Sweeten’s Jean Brownhill Is Inspired by 108 Things, Every Day


Editor’s note: For Black History Month, Inc. asked notable Black founders who have appeared on its pages, “What inspires you?”

In November 2019, Jean Brownhill’s company had just raised $7 million. Sweeten, a technology platform to help homeowners find contractors, was in four cities with a goal of reaching 35 by the end of 2020.

Just a few months later, all that seemed to change, as the global pandemic essentially shut down the construction industry. In response, Sweeten pivoted to target markets that had more single-family residences and fewer co-ops and condos, where bureaucratic processes can drag out renovations. Sweeten is now matching homeowners and contractors in Atlanta, Houston, Dallas, Boston, and Washington, D.C., among other cities.

Even before the pandemic, Brownhill was finding inspiration in biographies. “Everyone from Cleopatra to Madam C.J. Walker to Katharine Graham and Harriet Tubman,” she says. “They all have these inflection points at which they chose not to give up. They kept moving through them, and they were better for it.”

But since the start of the pandemic, Brownhill has also made time for a very specific ritual she first encountered on a trip to Thailand. — As told to Kimberly Weisul

Like so many of us, I don’t commute anymore, so I have more time to exercise and get out in nature. I have used that time to reflect on all the things I have, and all the things I’m grateful for. It’s easy to dwell on everything that is going wrong, so I purposely make time to be really specific and grateful.

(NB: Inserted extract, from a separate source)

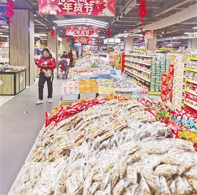 随着春节临近,我市年货市场货源品种丰富,供货充足,价格平稳,市民们有序选购,呈现购销两旺的态势。为保证春节期间市场稳定和供应充足,连日来,我市市场监管局、商务局等多个部门分别深入商场超市、集贸市场开展检查指导工作,确保春节期间粮、油、菜、肉、蛋、奶等生活必需品货源充足、品种丰富,同时严厉打击假冒伪劣、哄抬物价等扰乱市场秩序的违法行为,营造市场稳定和市民消费安全氛围,确保广大群众过一个欢乐、祥和的新春佳节。图为某商超货源品种丰富。 记者 傅利昌 摄
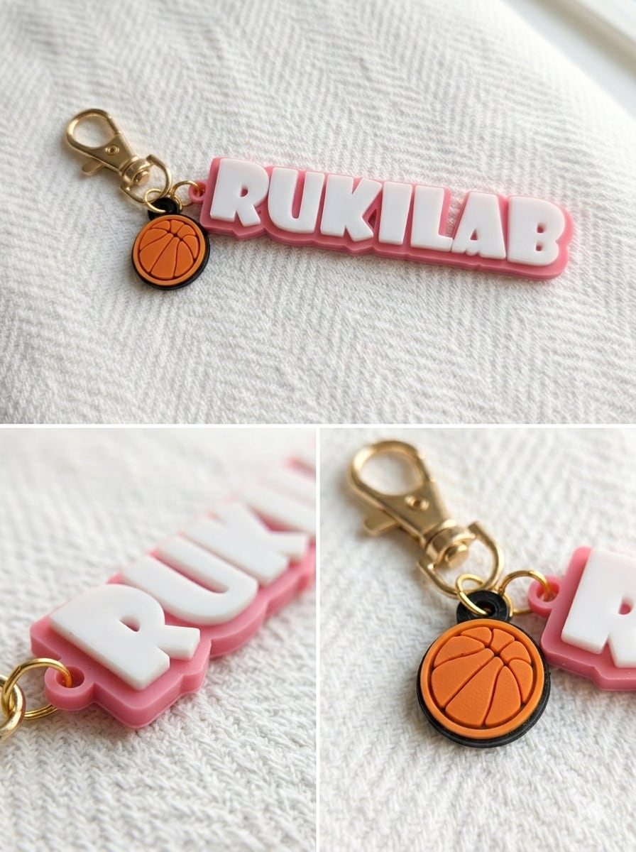 名前・チーム名・推し文字などを、くっきり存在感あるキーホルダーに仕上げます。

I learned this on a trip to Thailand, when I visited a temple. There were 108 bowls around the temple, and they gave you 108 coins. As you walked around the temple, you were supposed to drop a coin in each bowl. As you did so, you were supposed to think of something you were grateful for. The temple was filled with this “plink-plink-plink” noise. Around number 70, it got challenging.

Now, every day, I try to think of 108 unique things I’m grateful for. I was doing this occasionally before the pandemic, but now I make sure to do it every day. It completely impacts the rest of my day. Conjuring those things at some point in the day makes them accessible to me for the rest of the day. At any time throughout the rest of the day, when something is difficult or challenging, quickly, one of those 108 things bubbles to my mind, and I’m thinking of something I’m grateful for. It’s almost automatic.